Он подошел к бельевому шкафу, вытащил полотенце и наскоро вытерся. Он был в двух шагах от штурвала (одно «колесо», как уже было сказано, находилось на палубе, второе здесь, в центральной кабине). Протяни руку и достанешь радиопередатчик или радиотелефон. Но Уилл не стал производить резких движений. Вот если наступит момент, когда эти
Вытирая голову, он заговорил:
– Слушайте, я извиняюсь, конечно, за то, что травмировал вас. Кто же знал, что все так выйдет… Дропак понял, что эти слова адресованы ему.
Кальдак подумал: «Принесение извинений за совершенное насилие!
Обнадеживающий знак. Впрочем, выводы делать пока рано».
– Надеюсь, у него будет все в порядке? – обратился композитор к командиру. – Кстати, меня зовут Уилл Дьюлак.
– Двойное имя? – удивилась вейс.
– Да.
– Дропак поправится. Наш медицинский персонал располагает средствами, которые ускорят его выздоровление. Абориген зачем-то выглянул в иллюминатор.
– Медицинский персонал, говорите? Значит, у вас должен быть вместительный корабль. Вы что же, сели на одном из этих островков?
– Челнок. Экспедиционный корабль расположен на орбите между вашей планетой и вашей непропорционально большой луной. Кальдак был смущен вопросом аборигена. Как только он начинал думать об этом существе как о восприимчивом, разумном, так тот тут же выдавал свое невежество каким-нибудь глупым вопросом или репликой. Он был сам кладезь противоречий.
– Скажите, – обратился к аборигену Вулди, будучи больше не в силах скрывать свой интерес. – А вы случайно не воин?

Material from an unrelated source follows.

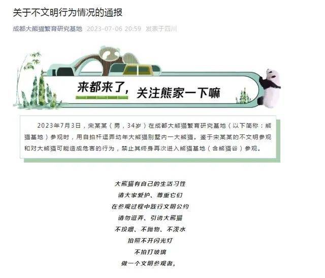 2023年7月3日,宋某某(男,34岁)在成都大熊猫繁育研究基地(以下简称:熊猫基地)参观时,用自拍杆逗弄幼年大熊猫别墅内一大熊猫。鉴于宋某某的不文明参观和对大熊猫可能造成危害的行为,禁止其终身再次进入熊猫基地(含熊猫谷)参观。大熊猫有自己的生活习性请大家爱护、尊重它们在参观过程中践行文明公约请勿逗弄、引诱大熊猫。不投喂、不抛物、不泼水、拍照不开闪光灯、不拍打玻璃。做一个文明参观者。

– Кто, кто? – улыбаясь, переспросил композитор.
Вулди повторил вопрос, но иначе: транслятор по его просьбе поменял слово «воин», которое абориген, по-видимому, не понял, на его смысловой эквивалент из этого же языка.
– Ах, вы имеете в виду, солдат! – С этими словами абориген опустился на высокий, обитый подушками стул. – Какой там, к чертям собачьим… Интересно, с чего это вы взяли, что я солдат?
– Вы ударили, нанесли повреждение разумному.
– Я же сказал, что испугался. Я не воевал с ним. Когда ваш друг приблизился ко мне, я просто попытался отвести его э-э… руку в сторону. Вот и все. Может, я сделал это немного резко, но, клянусь, у меня и в мыслях не было наносить ему травму!
– Зачем вам было отбрасывать его руку в сторону? И почему вы сделали это так, как сделал бы только солдат? Уилла начал раздражать этот допрос.
– А вы бы что сделали? Скажете, что не стали бы отбрасывать? – ответил он вопросом на вопрос.
– Разумеется, не стал бы, – тут же ответил Вулди. Он был удивлен самой постановкой вопроса.
– Я еще раз повторяю: я не солдат, – резковато заметил Уилл. – Я музыкант, композитор.
– Мы слышали вашу «музыку», – объявил Кальдак. – Она не пришлась нам по душе.
– Жаль, что еще могу сказать?
В душе Дьюлак и не думал огорчаться этим заявлением. Что могут понимать в настоящей симфонической музыке эти заросшие шерстью?..
Вулди отодвинул транслятор в сторону и обратился к Кальдаку:
– Я смотрел руку Дропака. Если это раса музыкантов и композиторов, то что же будет, если они вдруг согласятся воевать?
– Тут необходимо все терпеливо и тщательно продумать, – предупредил его командир. – Не забывай, что мы имеем дело с единичным аборигеном в узко конкретной обстановке.